» Task
As written and without pictures, set down the lines from the one that contains "地轴 自西向东 一天 更替 东升西落 时差 太阳 自西向东 一年 昼夜 四季" through the end of the data.

» Collected material
⁂

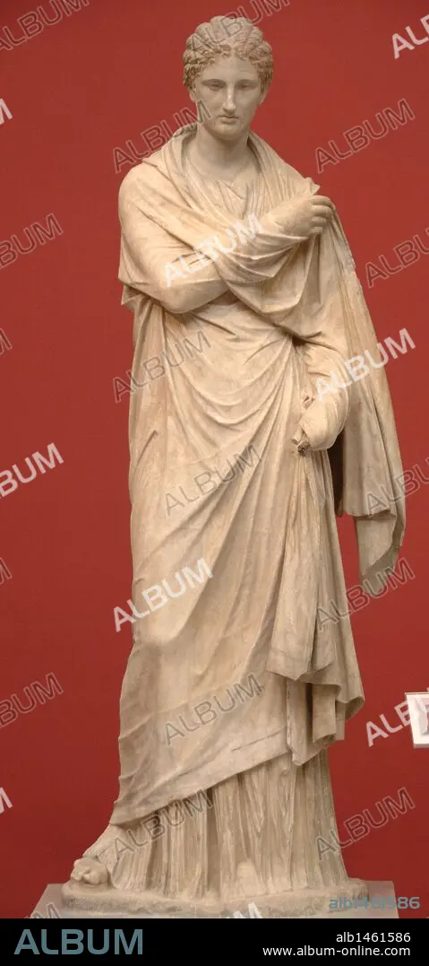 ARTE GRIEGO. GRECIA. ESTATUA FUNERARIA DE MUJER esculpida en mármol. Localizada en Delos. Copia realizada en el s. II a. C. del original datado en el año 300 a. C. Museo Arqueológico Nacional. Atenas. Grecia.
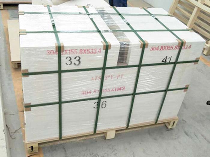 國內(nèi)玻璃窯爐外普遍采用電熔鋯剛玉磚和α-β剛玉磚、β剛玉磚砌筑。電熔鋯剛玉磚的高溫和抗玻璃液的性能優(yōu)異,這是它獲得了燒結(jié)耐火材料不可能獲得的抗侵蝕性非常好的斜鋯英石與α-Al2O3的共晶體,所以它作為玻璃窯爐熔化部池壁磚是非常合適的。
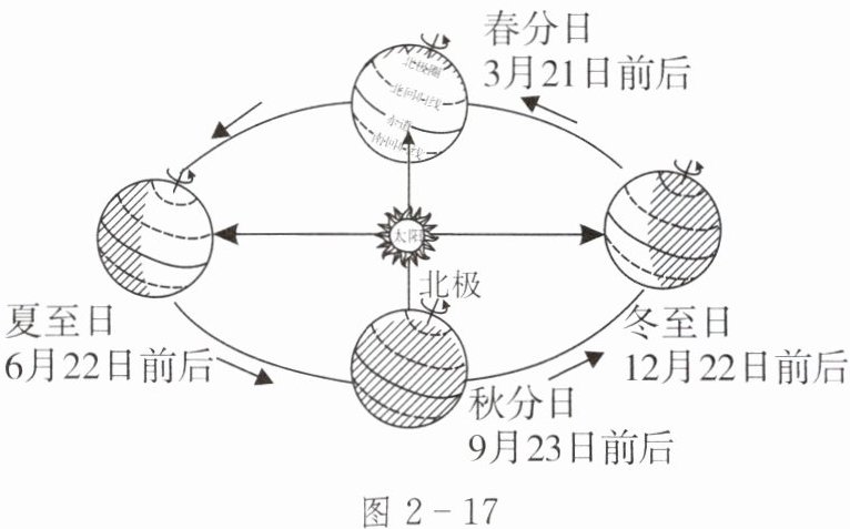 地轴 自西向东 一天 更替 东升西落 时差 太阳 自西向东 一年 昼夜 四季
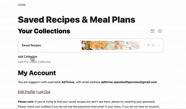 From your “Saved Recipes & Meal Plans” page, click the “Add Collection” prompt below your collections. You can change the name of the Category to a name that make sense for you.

⁂

» Solution for this task
 地轴 自西向东 一天 更替 东升西落 时差 太阳 自西向东 一年 昼夜 四季
 From your “Saved Recipes & Meal Plans” page, click the “Add Collection” prompt below your collections. You can change the name of the Category to a name that make sense for you.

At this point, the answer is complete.